### [GOAL OF THE EXERCISE]
Every line from the one containing "Gouden kinderoorbellen Dolfijntjes" through the end of the listing below goes in the output, exactly and without pictures.

### [GIVEN DATA]
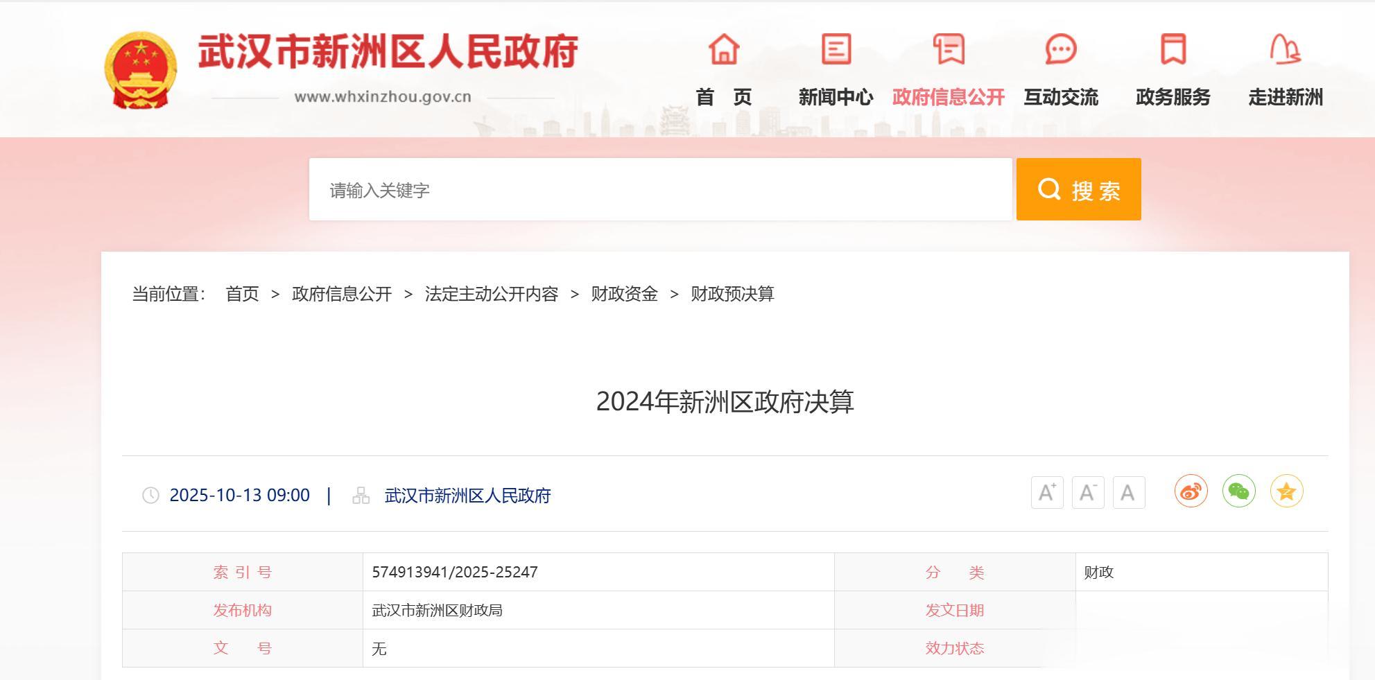 以下信息来源于新洲官网公布的《2024年新洲区政府决算》。
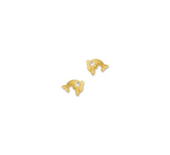 Gouden kinderoorbellen Dolfijntjes met zirkonia.
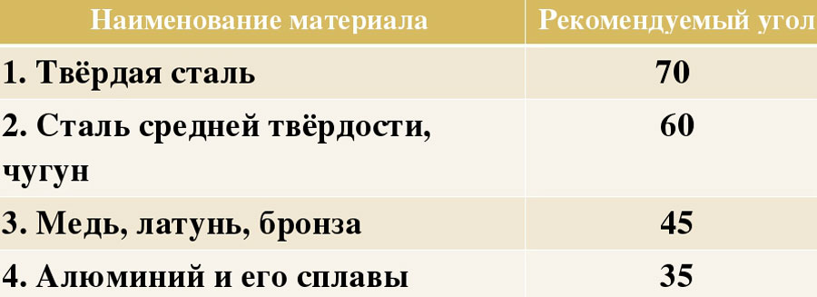 - 45 градусов для мягких материалов (латунь, медь);

### [THE COMPLETED TASK]
 Gouden kinderoorbellen Dolfijntjes met zirkonia.
 - 45 градусов для мягких материалов (латунь, медь);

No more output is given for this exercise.